I've seen similar questions, but haven't found an answer for what I'm dealing with. I am a first time user, so please forgive me if there is a simple solution.
I'm using the R package "tm" and I am trying to create a term-by-document matrix out of the WebKB data found at: http://www.cs.cmu.edu/afs/cs/project/theo-20/www/data/
The data comes in several different folders, each keeping track of a topic, but I've combined the documents into one file.
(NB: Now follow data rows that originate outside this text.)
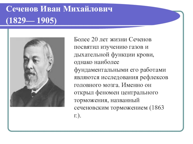 изучению газов и дыхательной функции крови, однако наиболее фундаментальными его работами являются исследования рефлексов головного мозга. Именно он открыл феномен центрального торможения, названный сеченовским торможением (1863 г.).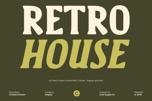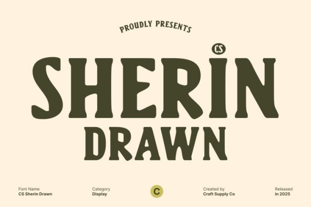 CS Sherin Drawn Font This is a modern serif font defined by bold lines and a clean, contemporary structure. Its strong letterforms project confidence and clarity, making it an excellent choice for professional design environments. The balanced proportions and crisp construction ensure high readability while delivering a modern, authoritative presence that feels reliable and refined.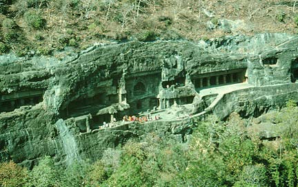 Les basaltes du Deccan ont peut-être joué un rôle dans l’extinction des dinosaures. La plupart du basalte a éclaté il y a entre 65 et 60 millions d’années. Les gaz dégagés par l’éruption ont peut-être changé le climat mondial et conduit à la disparition des dinosaures il y a 65 millions d’années. Cette photo montre les bâches du Deccan entre Mambai et Mahabaleshwar. Photographie par Lazlo Keszthelyi 27 Janvier 1996.Les vocanologistes tentent également de comprendre comment ces grands volumes de lave ont éclaté. Les premiers modèles ont proposé que la lave inonda sur de vastes superficies à des vitesses extrêmement rapides. Les modèles proposés ont récemment suggéré qu’au moins une partie des flux sont mis en place à des taux progressifs, durable de plusieurs mois à plusieurs années. Cette photo montre les Caves Ajunta, des temples creusés dans les basaltes. Remarquez le groupe scolaire pour l’échelle. Photographie par Lazlo Keszthelyi 31 Janvier 1996.
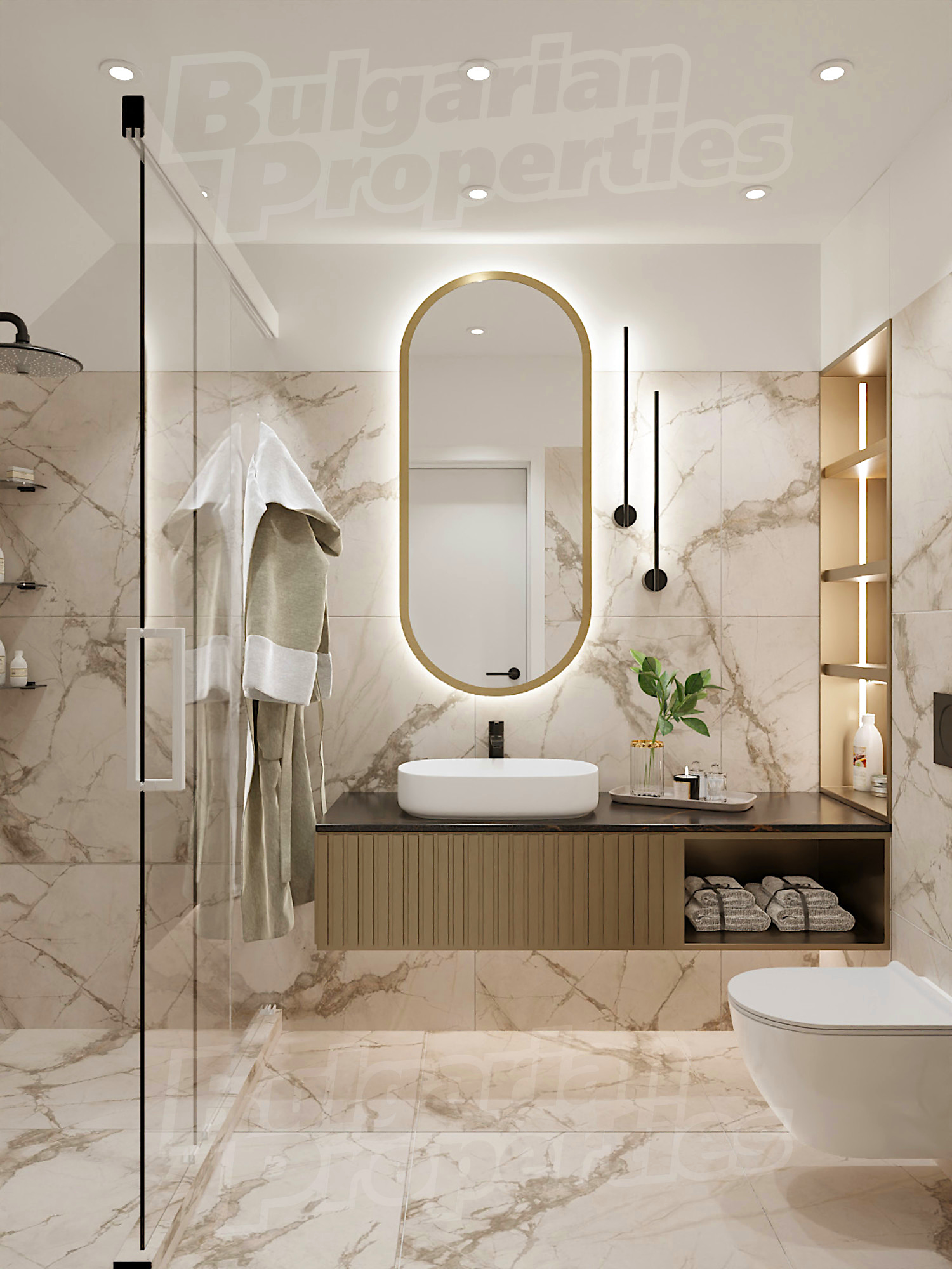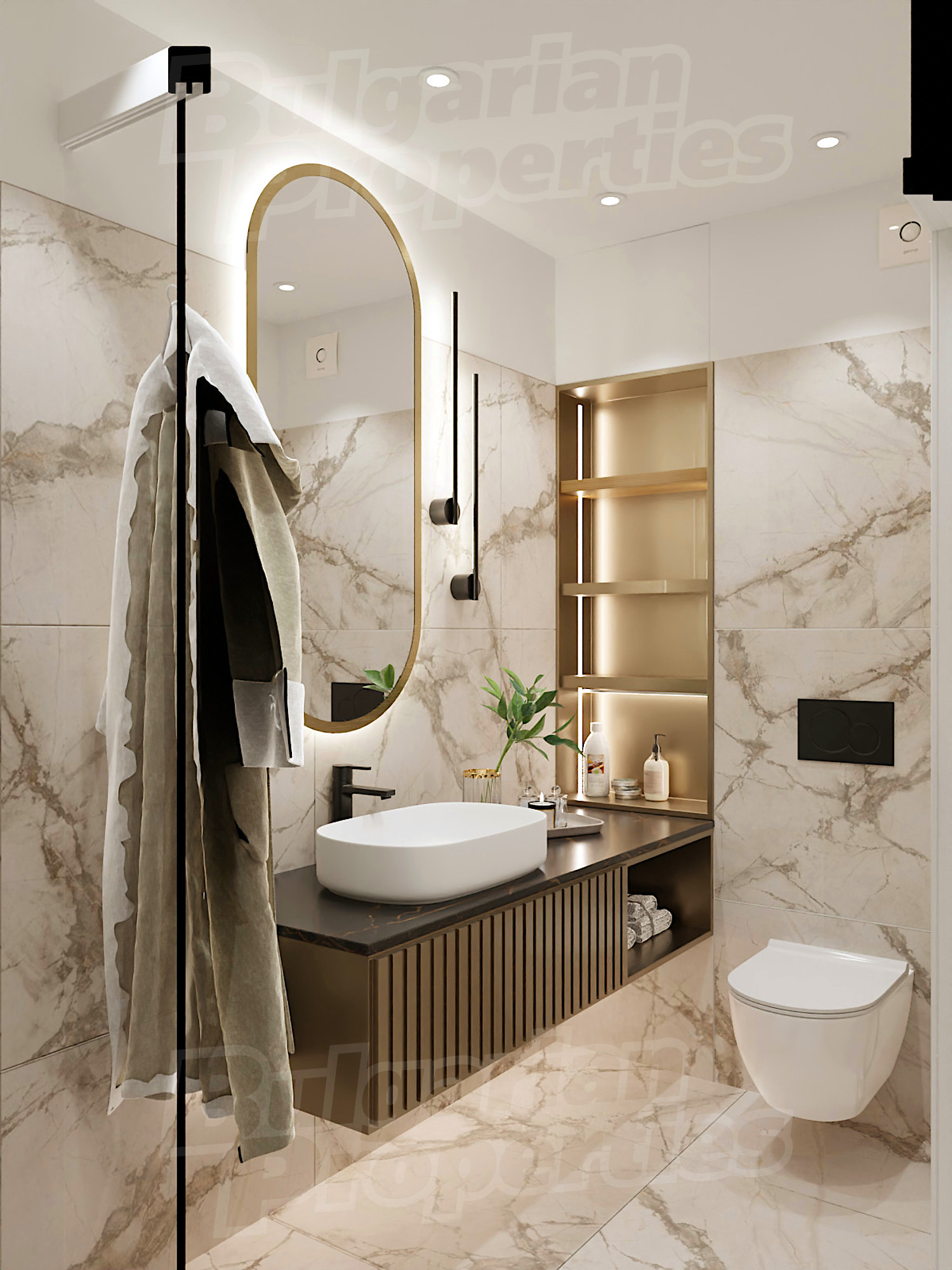 Апартаментът се издава на шпакловка и замазка с блиндирана входна врата от висок клас. Има опция за довършване на избрания от вас апартамент до ключ.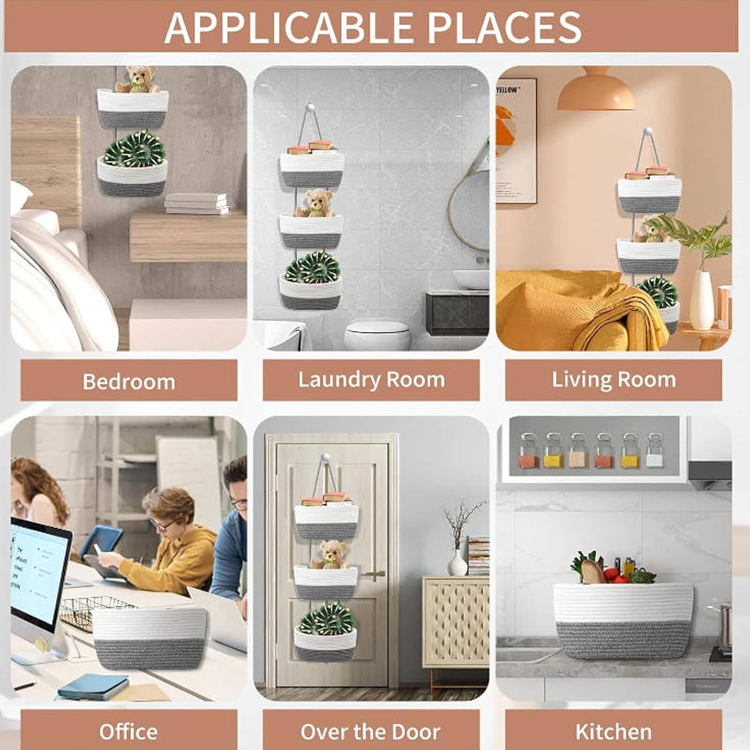 Hanging Basket Large 3 Tier Storage Bag for Indoor Tabletop Bathroom Bedroom Hanging Basket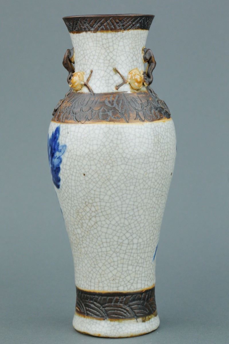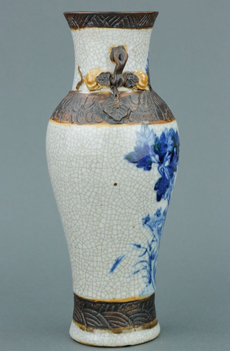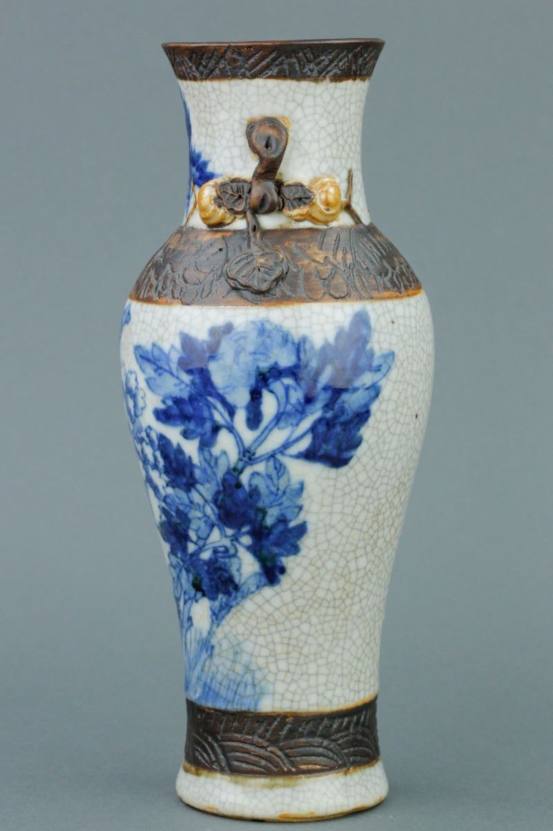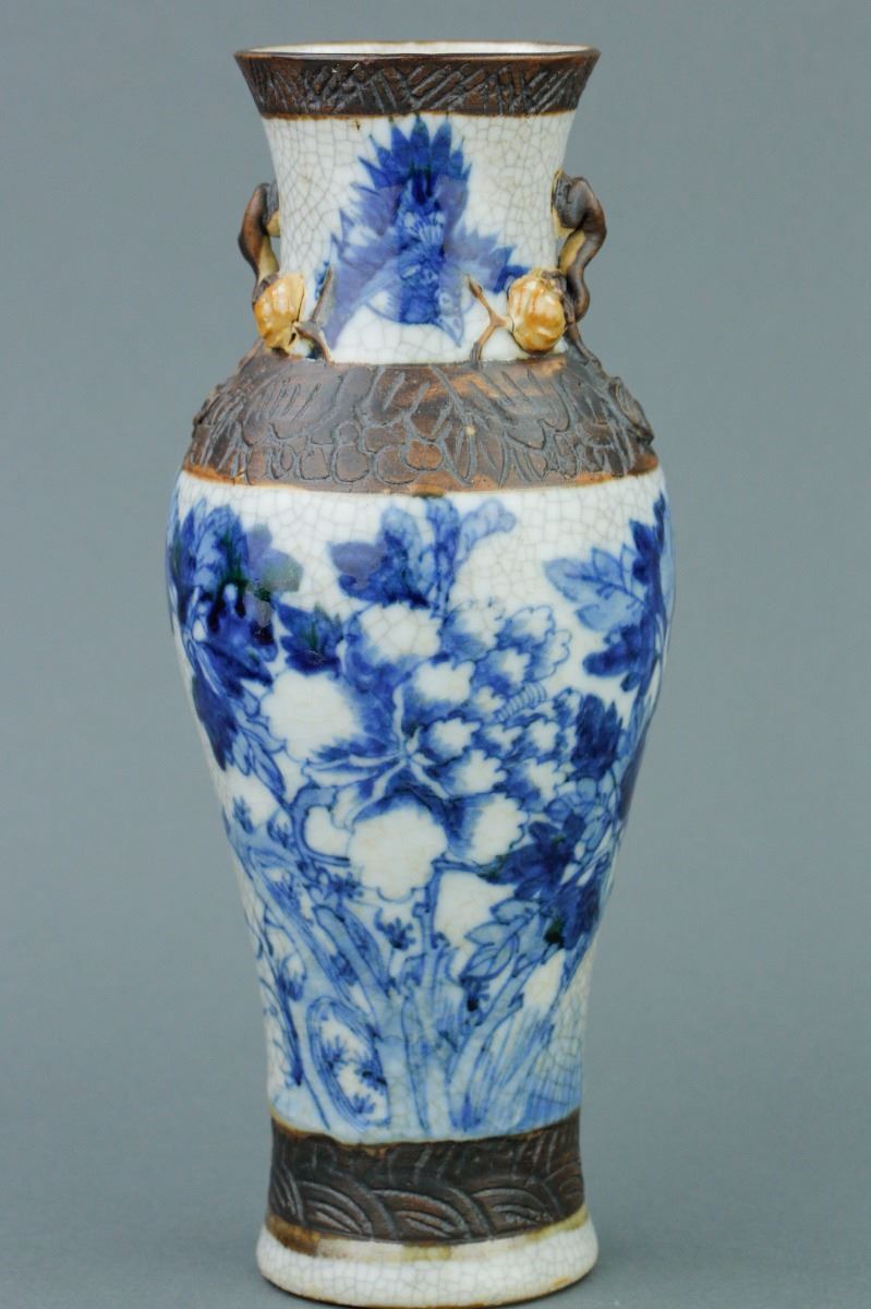 Chinese crackle glaze brown porcelain vase; with slender waisted body and high-shoulders; with two peach handles on slightly waisted neck; featuring peonies in blue and white on body; four-character mark on base;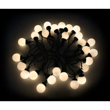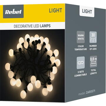 Tensiune: 31V Putere: 6W Curent consumat: 193 mA Alimentare: 220-240V; 50/60 Hz Numar de LED-uri: 30 Lungime: 8,8 m Distanța dintre diodele LED: 20 cm Lungimea cablului de la priză la primul LED: 3 m Clasa de rezistenta: IP44 Temperatura de functionare: -20 .... +40 grade C 8 moduri de iluminare Culoare: alb cald Posibilitatea de a combina trei seturi Becurile LED nu sunt înlocuibile Pentru uz extern
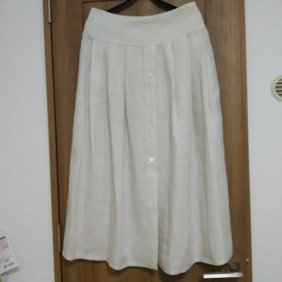 아이보리 스트라이프 무늬 플레어 스커트, 프론트 오픈 버튼, 린넨 소재. - 색상: 아이보리 - 디자인: 스트라이프 무늬 - 스타일: 플레어 스커트 - 버튼: 프론트 오픈 버튼 - 소재: 린넨 방문해 주셔서 감사합니다.

Of all the documents, there is only one or two documents that lie in more than one topic.
Okay, so here is what I've done:
b <- Corpus(DirSource("/Users/checkout/Downloads/webkb/z"), readerControl=list(language="eng", reader=readPlain))
b <- tm_map(b, removeNumbers)
b <- tm_map(b, removePunctuation)
b <- tm_map(b, stripWhitespace)
b <- tm_map(b, tolower,lazy=TRUE)
b <- tm_map(b, removeWords, stopwords("english"),lazy=TRUE)
So far so good, no error. But when I do this next line
termByDoc <- termDocumentMatrix(b)
I get the following error
Error in UseMethod("meta", x) : no applicable method for 'meta' applied to an object of class "try-error" In addition: Warning messages: 1: In mclapply(x$content[i], function(d) tm_reduce(d, x$lazy$maps)) : scheduled core 1 encountered error in user code, all values of the job will be affected 2: In mclapply(unname(content(x)), termFreq, control) : all scheduled cores encountered errors in user code
If anyone could tell me what is going wrong, I'd appreciate it! Also, if there is a more efficient way to create this term-by-document matrix, I take suggestions! And finally, I need to take out any links in these html files, is there an R function that takes care of this? I didn't see one in the documentation, so if you also have a suggestion on how to do this, it'll be appreciated.
Thanks for your time!